Thursday, February 20, 2014

MESSAGE


MESSAGE TO OUR READERS.

     March 11, 1887 was the LAST publication date going forward of the Cortland News available at our resource link. We could see it coming when we posted the hanging of Mrs. Druse. We thought we were near the end of our rope too. Starting with the great fires in Cortland, the heroic actions of the volunteer fire department, and the establishment of a private water company, we reproduced articles found in the Cortland News first published from the spring of 1884 to the spring of 1887. We overlooked the years 1881 to 1883, and this period of time may be our next target of interest.  
     Clayton H. Buell was editor and publisher of the Cortland News until January 1882, when he sold to Frank G. Kinney, a newspaper publisher with a solid reputation. It was Frank G. Kinney who first published the Standard on June 29, 1867. Kinney sold his interest in the Standard to Wesley Hooker on May 1, 1872. Wesley Hooker sold to William Clark in April 1876. Kinney and Buell were contentious Republicans who took shots at Democrats, Republicans and those who stood in between. 
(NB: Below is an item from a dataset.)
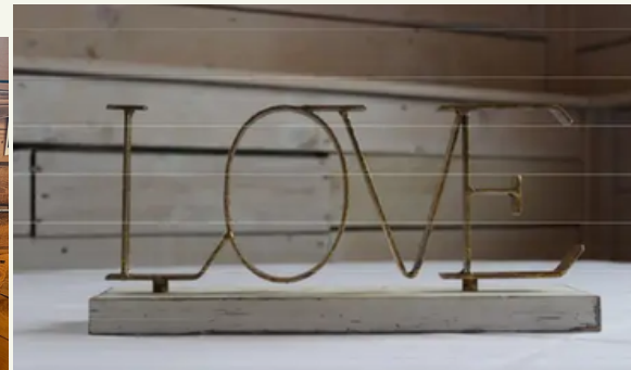
Tabletop Gold LOVE 2005

     The staff at the Cortland Contrarian assumes the water contract was accepted by Village of Cortland voters in March 1887. We are looking for the decision of the libel suit against publisher Strowbridge of the Cortland News. When we find it, we will post it.
     The posting of these old newspaper items has been an act of discovery for our staff and readers. There were nights when the Cortland Contrarian editor’s phone rang after 11 p. m., and an excited contributor working on this project would disclose the latest finding. Some of the information we posted was known only to genealogy researchers, historians and librarians.
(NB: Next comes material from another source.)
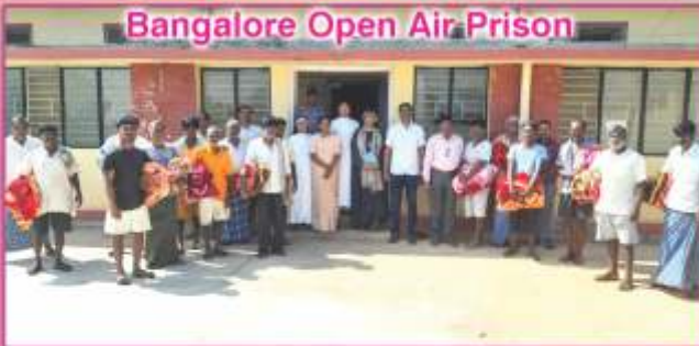
Bangalore Open Air Prison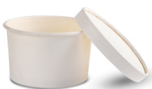
Product code: HCB-RCWL350 350 ML | White | Round Tall

     During the posting of these articles the number of hits to our website more than doubled. We are registered with Google Search, so hits came from Canada, England, Netherlands, Germany, China, India and other countries. Some of these hits were accidental, some intentional--so we presume. The majority of hits came from the United States. Our blog statistics demonstrate a high count for local and regional history postings, and for the occasional tall-tales such as Skunked and Three-legged Mouse. Many posts were read a second or third time by a single unknown reader.
     The newspaper articles we posted were past copyright protection, and our staff copied and reproduced them. We maintained a high degree of accuracy in the process. Occasionally we allowed the letter t as an unwanted substitute for the letter f but that was a flaw in optical character recognition software and subsequent editor blindness. Unlike the New York Times, we don’t claim copyright for our work reproducing archived news no longer under copyright. We did the work as a public service. The newspaper articles that were past copyright protection and reproduced in the pages of our blog may be copied and reproduced by others. We encourage historical societies and researchers to make use of them. 
     We wish to thank especially Mr. Tom Tryniski of Fulton, N. Y. His exceptional website (www.fultonhistory.com) provides the public with free access to digital archives of thousands of old newspapers. He stipulates non-commercial use. If you are a researcher and you use his website, please consider a donation to Tom so that he can keep and expand his digital archives.